As there are no clergy in the Bahá'í Faith, community business is handled by elective bodies on the local, national and international levels. Bahá'í elections are run without electioneering, nominations or campaigning. After prayerful, private consideration, voters simply choose from among all adult believers resident in their voting unit those whom they believe most qualified for the job. Voting is by secret ballot.
Bahá'ís know it is incumbent upon them "to consider without the least trace of passion and prejudice, and irrespective of any material consideration, the names of only those who can best combine the necessary qualities of unquestioned loyalty, of selfless devotion, of a well-trained mind, of recognized ability and mature experience…" Bahá'í Administration, p. 88
Those of us in the United States and other industrialized countries think nothing of planning and arranging large gatherings for the purpose of local, regional and national consultation and elections. We have wonderful tools which we take for granted: newspapers, mail, radio, television, telephones, email.
My first experience of what Bahá'í elections are like outside the urban United States was in Honduras. My son and I were visiting with friends living in San Pedro Sula. They had been asked to organize a district convention for Travesia, a small community about 40 miles away. Delegates elected at these local conventions would in turn, elect the National Spiritual Assembly of Honduras the following spring.
Not a trivial task, I learned. There was no mail service there, and most of the Bahá'ís did not read English or Spanish, anyway. Some did not even speak either of these languages, being descendents of escaped Caribbean slaves. Further, there were no addresses, telephones or street maps. One asked passersby where so and so lived, and was directed down the road, or path, to someone who might know.
So, to arrange for this meeting, we went out two weeks in advance of the date and rented the cement floored dance hall attached to a cafe/bar on the beach.

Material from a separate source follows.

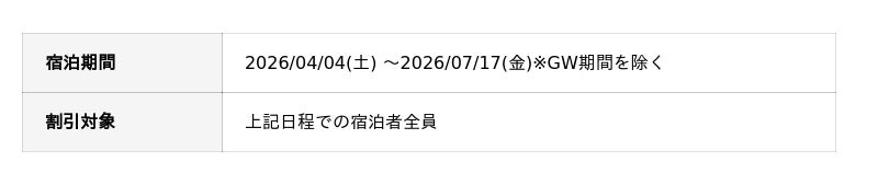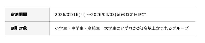 GW期間を除く土日も対象の期間限定セール。家族旅行やカップル旅行にも利用しやすい内容です。

It had lattice walls and was completely bare of furniture, but it did have a functioning restroom, and a good roof to protect attendees from both tropical sun and rains.
Lunch had to be negotiated and paid for in advance, so that the cafe owner had time to arrange a ride the fifteen miles into Puerto Cortez for supplies, not to mention have the money to buy food for 100. Chickens wandered about under the tables in the beachside cafe as we discussed the menu, (fruit juice, thick soup and bread) and there was a pig pen complete with large pig right next to the bathroom wall.

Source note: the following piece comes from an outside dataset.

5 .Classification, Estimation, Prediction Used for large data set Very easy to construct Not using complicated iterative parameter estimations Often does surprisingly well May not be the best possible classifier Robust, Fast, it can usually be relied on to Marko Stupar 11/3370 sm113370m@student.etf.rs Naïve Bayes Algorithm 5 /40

If there was time left after those negotiations, we walked around from house to house looking for the Baha'is to invite them. This was repeated the following week, and again the morning of convention, because finding everyone on just one pass wasn't likely.
There were many Bahá'ís living in the area, but I should explain that Travesia is a loose collection of tiny, semi-isolated, buildings, mostly built up on stilts above marsh grass, shaded by palm trees, and stretching ten or fifteen miles along behind the dunes of empty tropical beaches. No electricity or running water, unless you count the tides.
When the tide is out, this looks like paradise. But many of these houses are islands twice a day when the tide comes in, and all day if rains flood the paths that meander through the low spots. And there are poisonous snakes and other less attractive reasons for not wading in the water!
On the day of convention, it will take most of the morning for everyone to arrive. This will be pretty much in time for lunch, which is served with music and all the latest news, especially of their Bahá'í family around the country and the world. Only then can the business of convention begin -- provided the kids haven't let the pig out so that all the adults must join the chase to return it.
There will usually be only a couple hours for voting and consultation before people must begin leaving for home, depending upon the tides, and because finding one's way in the dark is difficult. Besides which, the cafe/bar owner wants to be able to serve beer and crank up the music for his customers just after sunset. Part of the rental agreement is that he not have the bar open while the Bahá'ís are there.
For most of the Bahá'ís in Travesia, this convention is one of the very few times of the year when they can gather together in a group larger than a dozen people and really feel a part of their Baha'i family world wide. Like rural Baha'is across the planet, they relish the chance to share the news of their far-flung brethren and participate in building a better world.
Needless to say, for some years after this experience, I didn't complain about how much trouble it was to arrange for meetings in Southern California!